NCCL and aws-ofi-nccl are provided on the system as follows:
$ module load brics/nccl
The rest of this guide explains optimisations to NCCL on Slingshot as they are application dependent.
Environment Variables¶
NCCL Environment variables are used to optimise the performance on the Slingshot network. The official NCCL documentation has in-depth explanations of the environment variables.
These variables are set in the module brics/nccl, but are explained here for application-specific optimisation or if you are building your own version.
# Use aws-ofi-nccl
export NCCL_NET="AWS Libfabric"
# Use the high speed network interface
export NCCL_SOCKET_IFNAME="hsn"
# Print the NCCL version at startup
export NCCL_DEBUG="VERSION"
# Use P2P when GPUs are on the same NUMA node.
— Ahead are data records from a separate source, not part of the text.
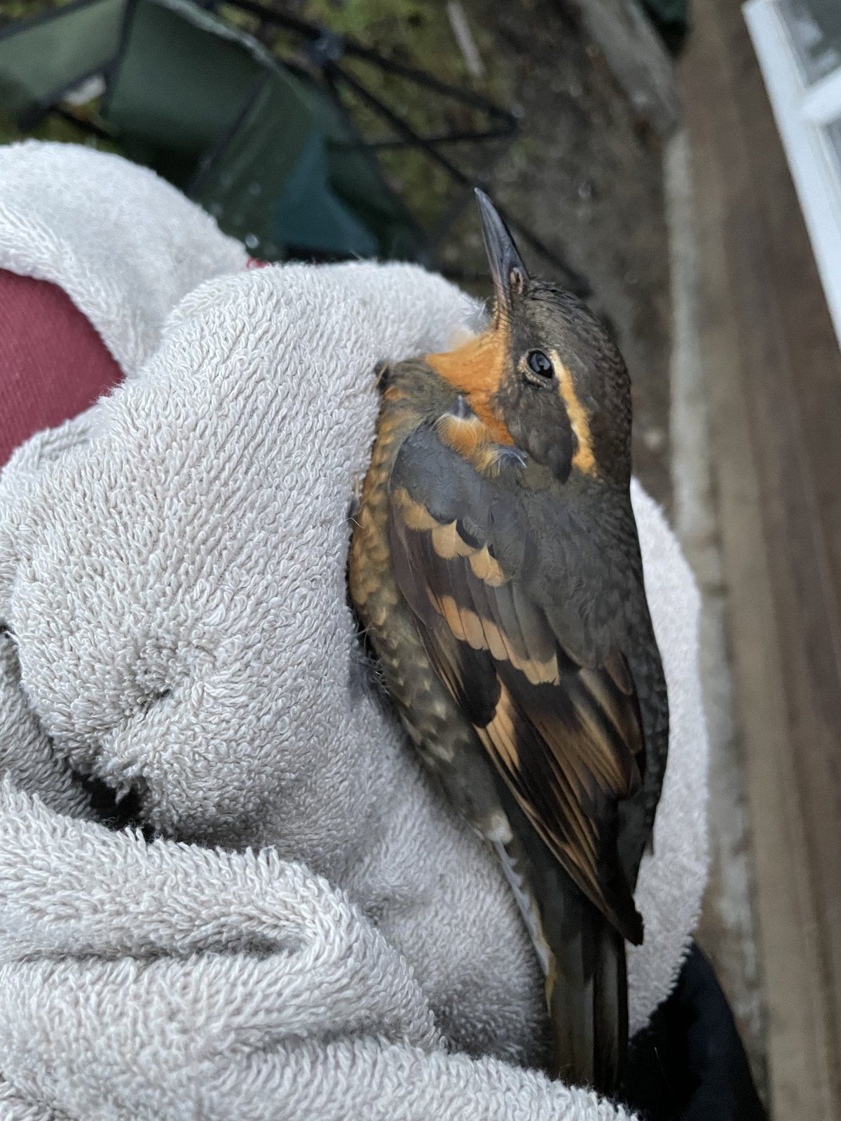 I believe you have a male varied thrush (Ixoreus naevius). What a beauty! Good save. Cats gotta hunt, I understand, but I wish they'd stick to the invasive species!Anyone know what type he is?View attachment 306464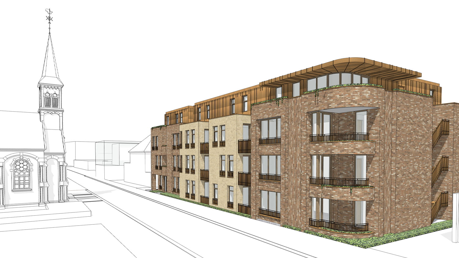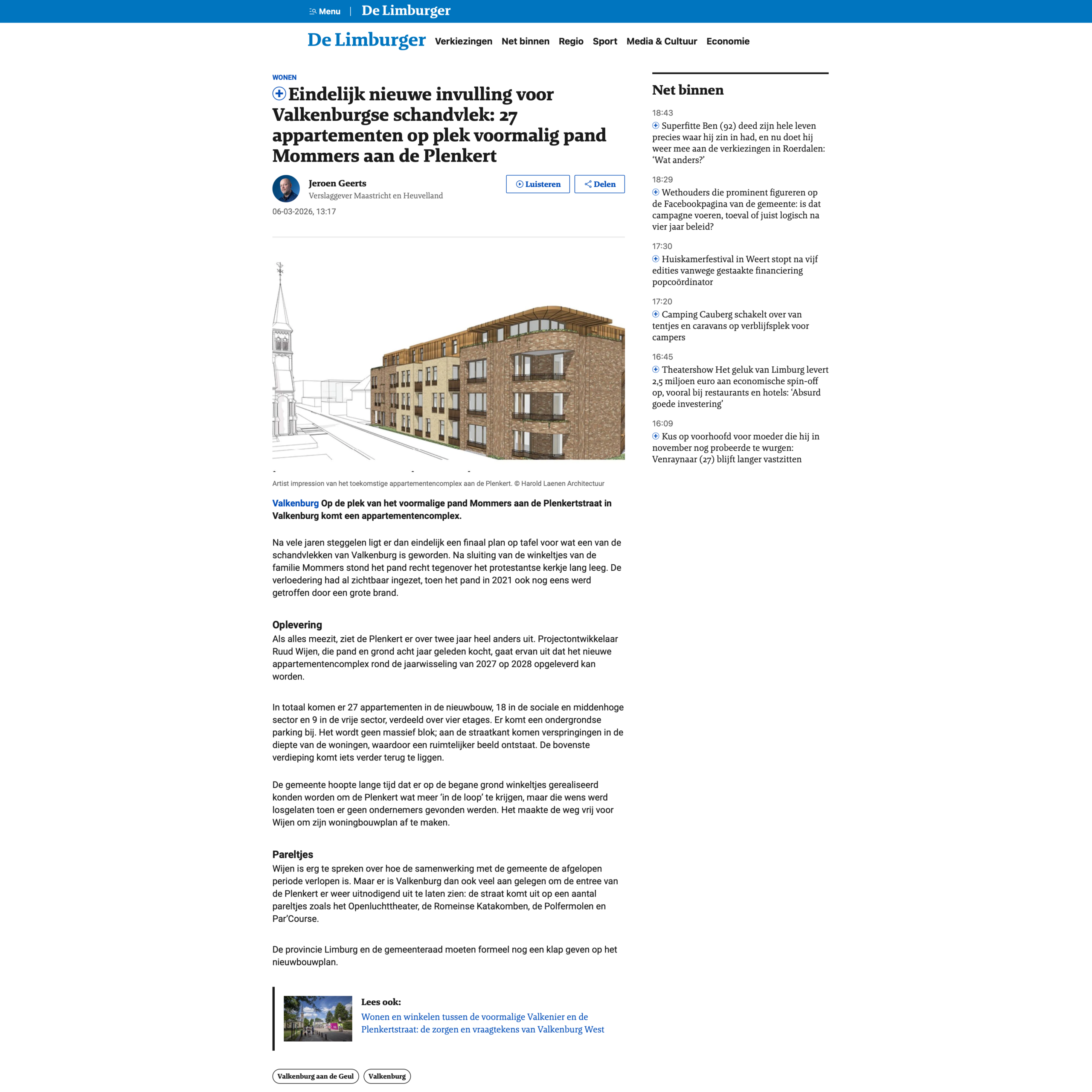 Herontwikkeling van locatie waar vroegere winkels van familie Mommers waren gevestigd naar 27 nieuwbouw appartementen met parkeergelegenheid.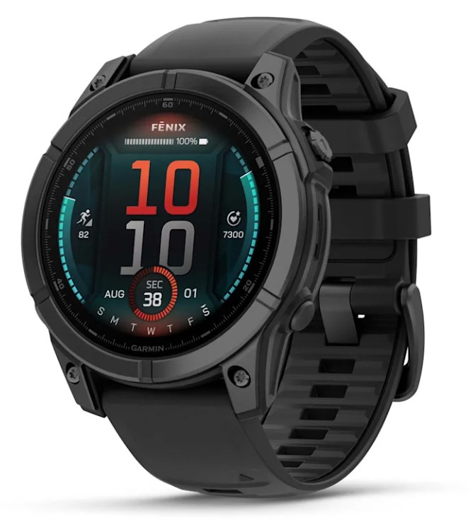 Odprta emb - GARMIN Fenix E 47 mm, Skrilasto siv model iz jekla s črnim silikonskim paščkom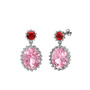 Garnet ve pembe kuvars 14 ayar beyaz altın küpe

export NCCL_NET_GDR_LEVEL="PHB"
# Allow rings/trees to use different NICs due to Slingshot topology.
export NCCL_CROSS_NIC="1"
export NCCL_MIN_NCHANNELS="4"
export NCCL_GDRCOPY_ENABLE="1"
# FI (libfabric) environment variables to optimise NCCL on Slingshot
export FI_CXI_DEFAULT_CQ_SIZE="131072"
export FI_CXI_DEFAULT_TX_SIZE="1024"
export FI_CXI_DISABLE_NON_INJECT_MSG_IDC="1"
export FI_HMEM_CUDA_USE_GDRCOPY="1"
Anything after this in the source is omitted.